Friday, November 5, 2010

Bernard-Henri Lévy: November 5, 1948

Bernard-Henri Lévy was born on November 5, 1948. A French Public Intellectual he appears on ultra-intellectual French TV shows and is so well known he’s just called BHL. He doesn't seem to make it into internationally compiled lists of everyone's favorite public intellectual -- at best this is because he is a kind of a buffoon.

French worship of their BHL hasn’t affected American indifference to him. From Publisher’s Weekly review of his book (now out of print) Who Killed Daniel Pearl?
“The author's moments of gonzo journalism are thrilling, as when he penetrates a forbidden madrasa (seminary) by posing as ‘a special representative of the French president.’ The earlier passages of the book, which take some literary license in describing what Pearl must have felt, is alone worth the price of admission. This book is a controversial bestseller in France, where Levy has long been a leading philosopher and writer. Here, interest in Pearl and the larger issues makes this both fascinating and essential, even if you don't quite buy it all, and a credit to the investigative reporter whose work it seeks to honor.”
So I'd say that most Americans who have heard of him at all don't have much respect for his French pretensions.

I chose to celebrate Lévy's birthday because I was reminded of him when I recently read two Jewish-themed novels about public intellectuals: one British and one American. First is the character Finkler in Harold Jacobson’s The Finkler Question. Finkler has a lot in common with Lévy. Finkler's public reputation was built on a large collection of successful, and pretentious, self-help/philosophy books beginning with The Existentialist in the Kitchen and The Little Book of Household Stoicism. His work-in-progress was The Glass Half Empty: Schopenhauer for Teen Binge Drinkers. BHL's books seem as ridiculous as these made-up titles. Many social phenomena, especially Jewish ones, were parodied in Finkler. The contradictions of Finkler's status as a public intellectual who leads Jewish anti-Zionists and self haters plays a big role in the book.

The second fictional public intellectual who ponders his Judaism is the character Cass Seltzer in Rebecca Goldstein’s 36 Arguments for the Existence of God. Seltzer is a more sympathetic character, but in his role as a public intellectual he also finds quite a bit of contradiction with his personal wish to be taken seriously as a philosopher and philosophy professor. The issues I have with the hollowness of Lévy and his lack of any academic stature whatsoever are more thoughtfully explored in Goldstein's book.

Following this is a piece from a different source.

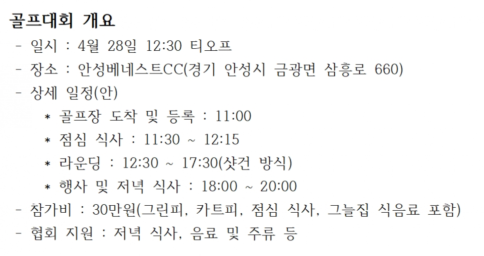 사무국 차원에서도 주요 지역 회원사 방문과 함께 지역 동호회 행사에도 참여해 골프대회 참가를 적극 요청할 계획이다.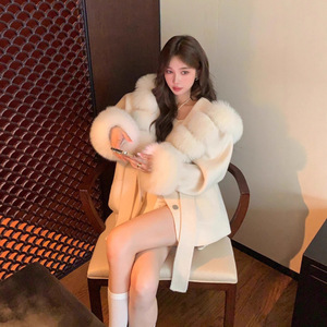 2025重磅娇宠千金高级感大狐狸毛领连帽短款100羊毛大衣毛呢外套

Lévy in sum isn't anywhere near as interesting than these fictitious public intellectuals. For example, Lévy's book American Vertigo described a trip he made to the United States with a translator to interpret our difficult and to-him-unknown language and a chauffer because he can't drive a car. Total immersion, no? I can't tell you how banal and without insight I found this work. (I read the pre-book -publication version in the Atlantic which was one of the reasons I didn't resubscribe to it.) His reputation is described thus:
"A philosopher who’s never taught the subject in any university, a journalist who creates a cocktail mingling the true, the possible, and the totally false, a patch-work filmmaker, a writer without a real literary oeuvre, he is the icon of a media-driven society in which simple appearance weighs more than the substance of things. BHL is thus first and foremost a great communicator, the PR man of the only product he really knows how to sell: himself." From In These Times "The Lies of BHL."